隣にいるシアンとエストスは全く気にしていないようなので、俺もそこには触れないようにすることに決めた。
「それで報酬金を貰いたいんですけど」
「はい! ただいまお持ちいたします!」
お姉さんがあまりにも元気よく声を出すものだから、今までもちらちら向けられていた視線の全てが俺に集まる。
止めてくれ。俺は注目されるのに慣れてないんだ。しかもこのクエストは実質シアンのおかげで達成したようなもんだし、全然素直に喜べないぞ。
そんなことを考えているうちに、大きな布の袋を担いだお姉さんが走ってくる。
「お待たせいたしました! こちらが報酬金です!」
山の様な硬貨が入った袋を俺はお姉さんから受け取り、リュックサックに詰め込んだ。
やはりかなりの大金なおかげで、硬貨の入った布と魔道書だけでもう他には何も入らないほどにパンパンになっていた。
それにしても、クエストを受ける前はあんなに不審そうな顔をしていたのに急にここまで態度が変わると笑えてくる。
「ハヤトー。シアンはハラペコだぁー」
「分かった分かった。すぐに飯を食べに行こうか」
エストスもそれでよい、というよりもさっさと飯を食わせろとでも言いたげな顔でこっちを見てきているので早速俺たちは飯を食べに行くことにした。

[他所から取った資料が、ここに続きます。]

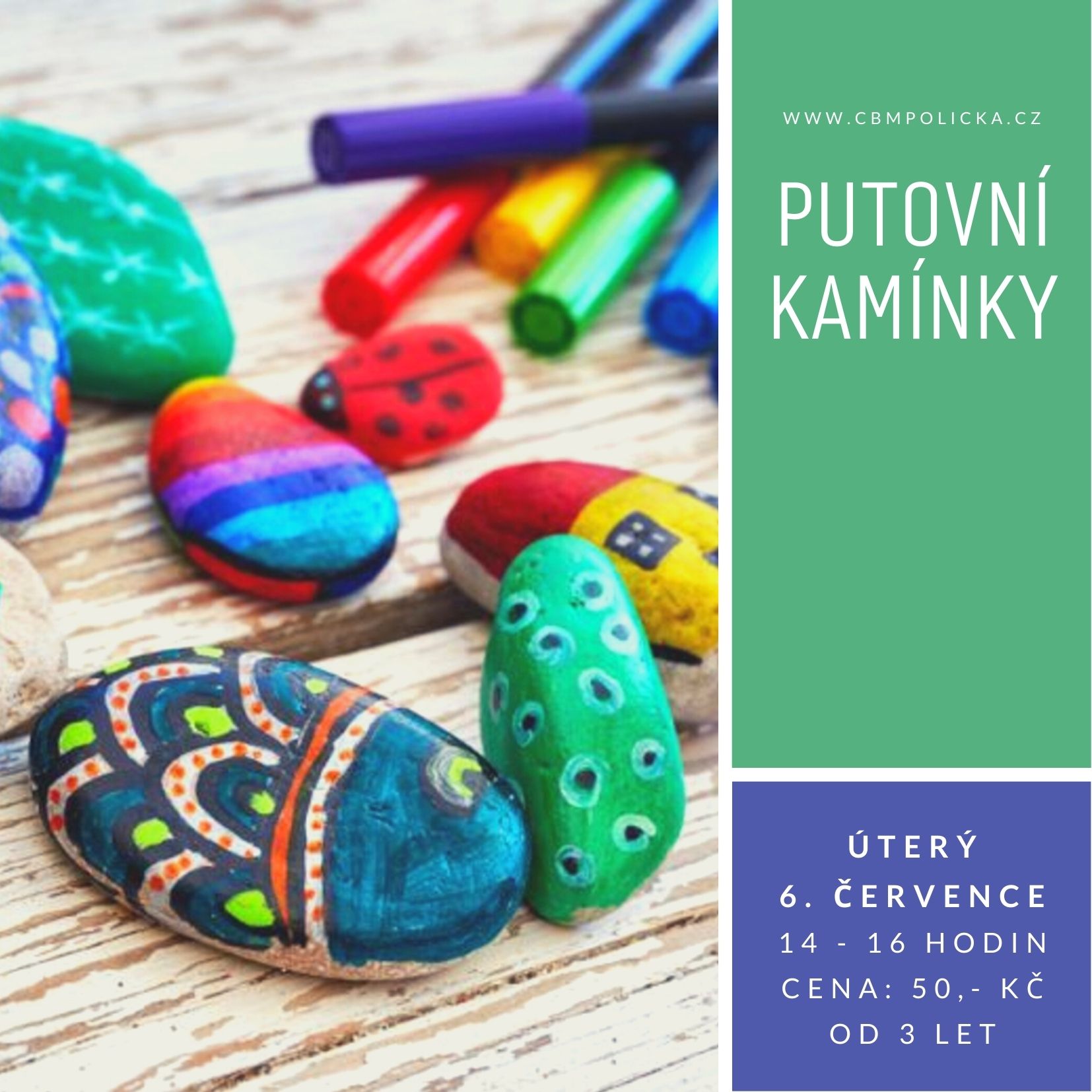 PUTOVNÍ KAMÍNKY – fenoménem posledních let se stalo malování kamínků všech velikostí a tvarů. Chystáte se namalovat svůj první kamínek? Není to nic složitého, ale jestli si nevíte rady, jak začít, pomůžeme vám! Kamínek pak můžete nechat na nějakém speciálním místě na vašich prázdninových toulkách. Cena: 50,-Kč za výtvarné pomůcky a materiály. Dílna pro děti od 3 let.
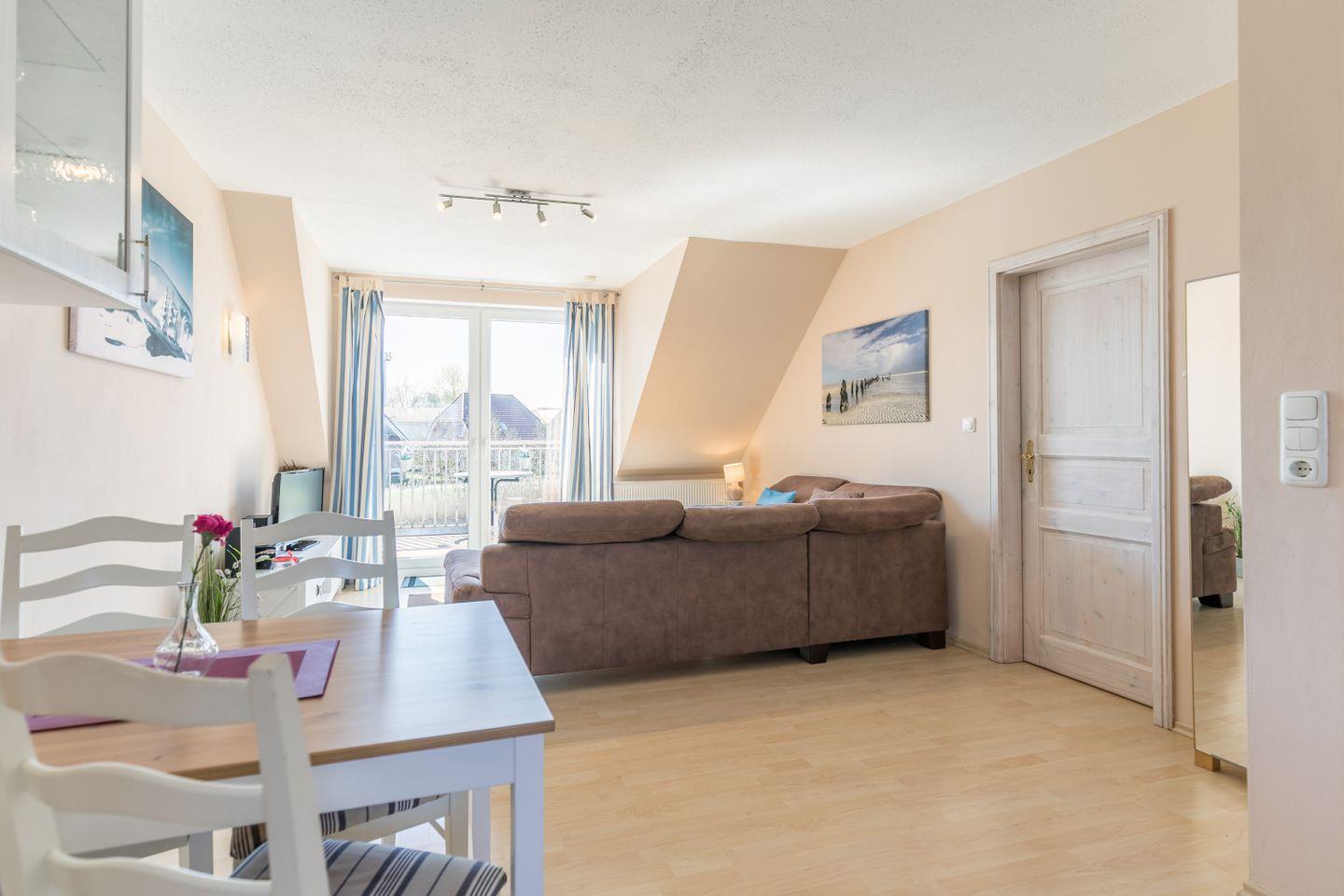 Schlafsofa, Flachbild-TV, CD-Player mit Radio, Esstisch mit Stühlen, direkter Zugang zum Sonnenbalkon, Laminatboden

やってきたのは、俺がクエストを受ける前に目に入った飲食店、『食事処 夢郷』というところだ。選んだことに特別な理由はないが、言うなればレンガ造りの建造物が多い中、こじんまりとした木造の外見に安心感を覚えたからだろう。落ち着いた雰囲気が好きな俺には丁度いいと思った。
俺は木製のドアを開けた。
中も案の定質素な木製の家具が並んでいた。店内の席は一五程度しかなく、客は俺たち以外には誰もいなかった。

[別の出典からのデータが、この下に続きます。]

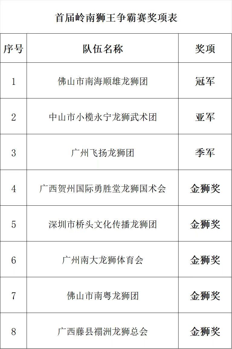 最终佛山市南海顺雄龙狮团斩获冠军、中山市小榄永宁龙狮武术团斩获亚军、广州飞扬龙狮团斩获季军以及广西贺州国际勇胜堂龙狮国术会等队伍斩获金狮奖。
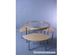 Material: metal tube, wood panelMain table:R: 52mmH: 770mmSeparate table (3 pieces):W: 52mmD: 106mmH: 495mm
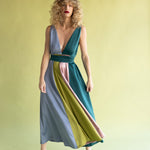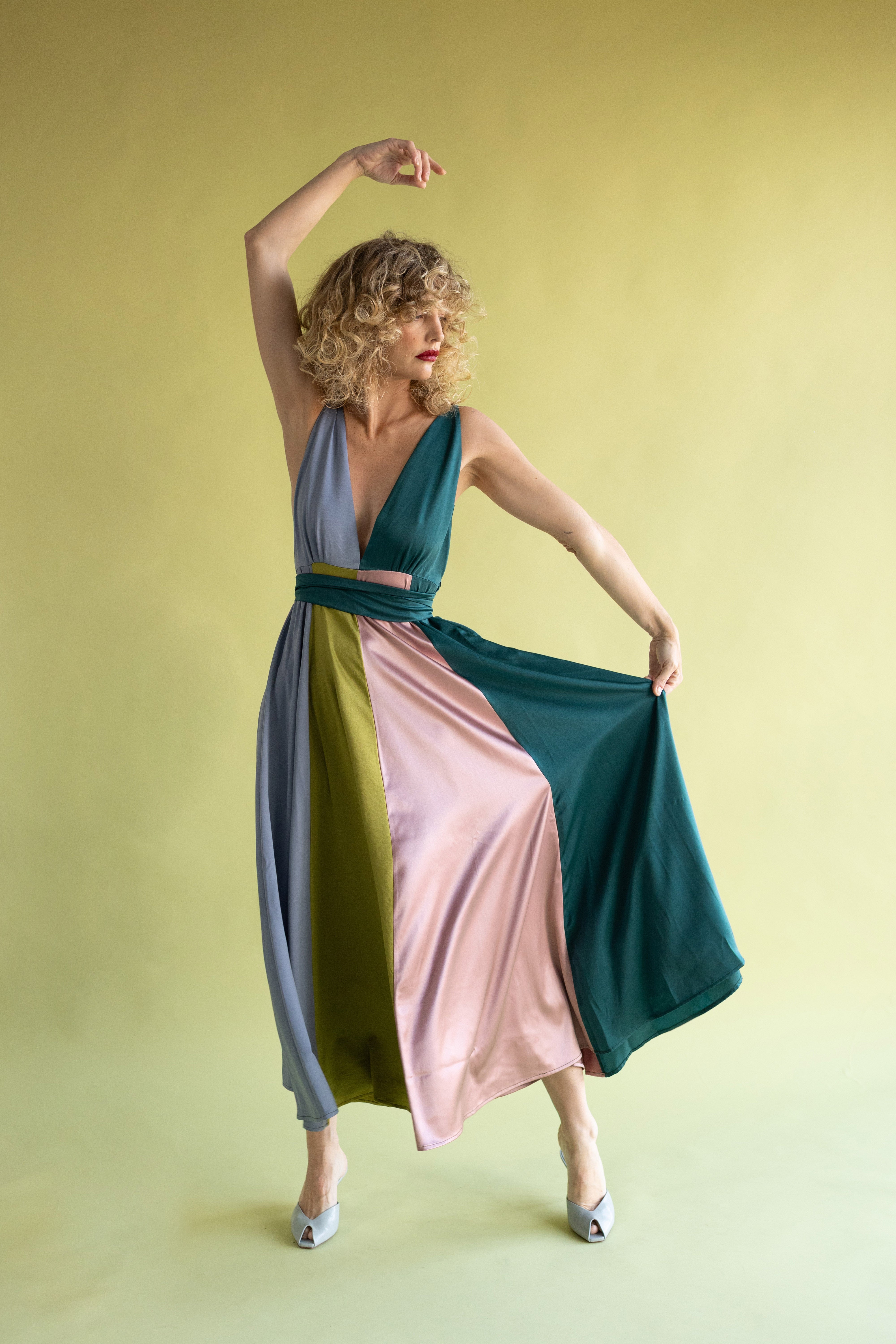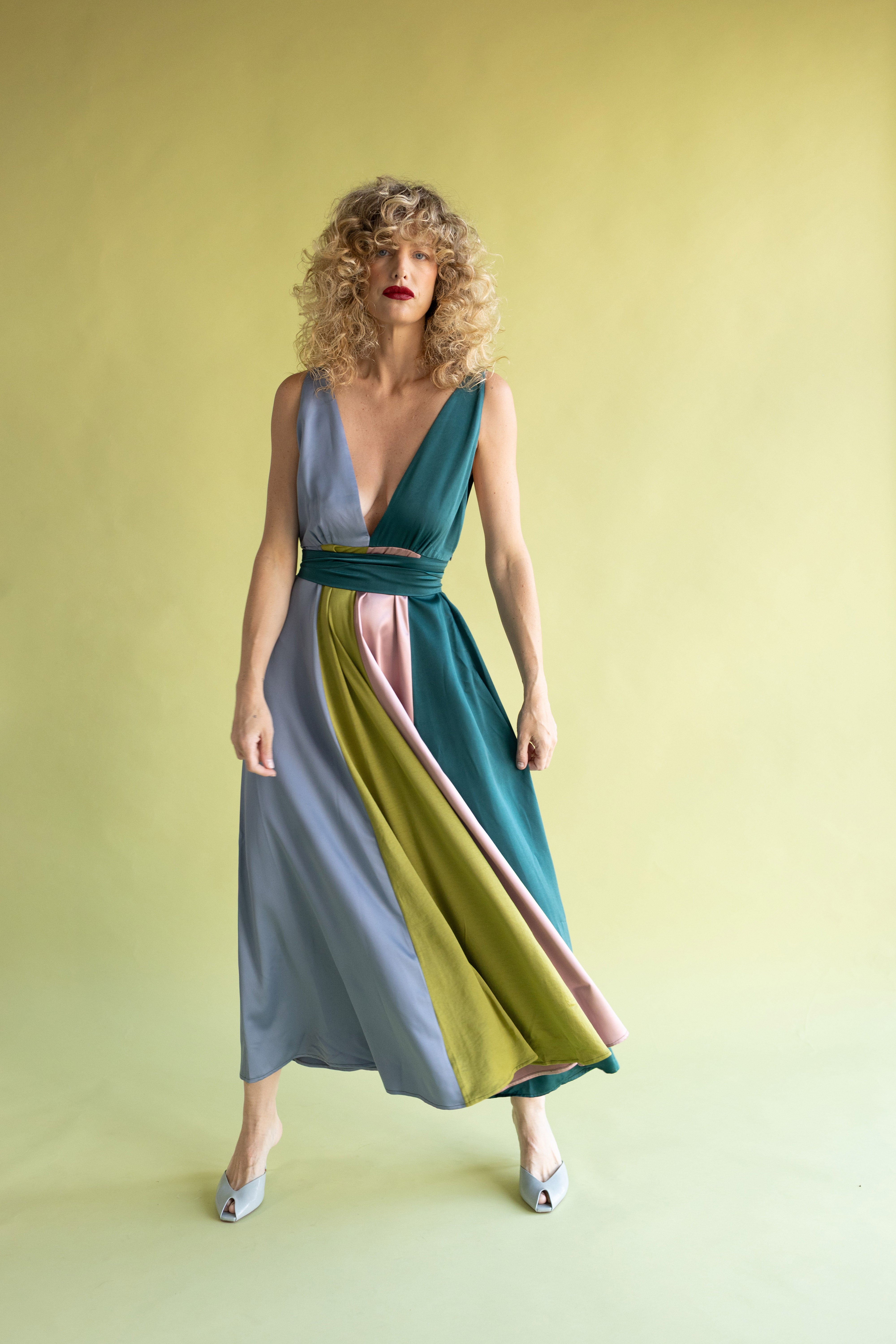 Vestido de corte minimalista en satén crepé. Más allá de su vibrante propuesta de color y su opción multicolor, su valor reside en un patrón de líneas rectas que fluye hacia una caída con peso y brillo discreto. El corte está pensado para priorizar el movimiento del tejido, creando una silueta limpia.

よかった。落ち着いて飯が食えそうだ。なんだかんだでこの世界に来てからのんびりできる時間がなかったので丁度いい…………と、思ったのだが、
「ヘイヘイ! いらっしゃいなのです! ささ、座ってくださいなのです!」
店内の様子とは明らかに不釣り合いな少女が、元気良く俺たちを出迎えてくれた。
……あれ?
落ち着いた雰囲気がいいと思ったのに最初からなんか違うぞ。
「どうしたなのですか、そんなに私の顔を見て。……ハッ!? ちょっとちょっとお兄さん! 私がいくら可愛いからってそんなに見つめる必要なんてないなのですよ」
なぜかモジモジし始めたのはおそらくこの店の店員なのだろう。ピンクの短髪にくりくりとした丸い瞳。中学生くらいの華奢で小柄な体のはずなのに胸だけは大きいまさに美少女な彼女は、木造建築から異常に浮いたピンク色の派手なメイド服を着ていた。
度肝を抜かれて呆ける俺の顔を見て、美少女は顔を赤くして、
「そ、そんなに見られると照れちゃうなのですよ……。あ、でもでも、そんなことされても値引きなんてしないぞ、なのです!」
いやんっ、と可愛らしく腰を振る少女を俺は弱弱しく指さしてエストスに問いかける。
「何、あの子」
「私に聞かれてもどうにもできないけれど」
シアンはすっとぼけた顔をしてるからどうにもならないし、どうしようかと思っていたら美少女が思い出したように「そういえば自己紹介がまだなのです!」と声を上げる。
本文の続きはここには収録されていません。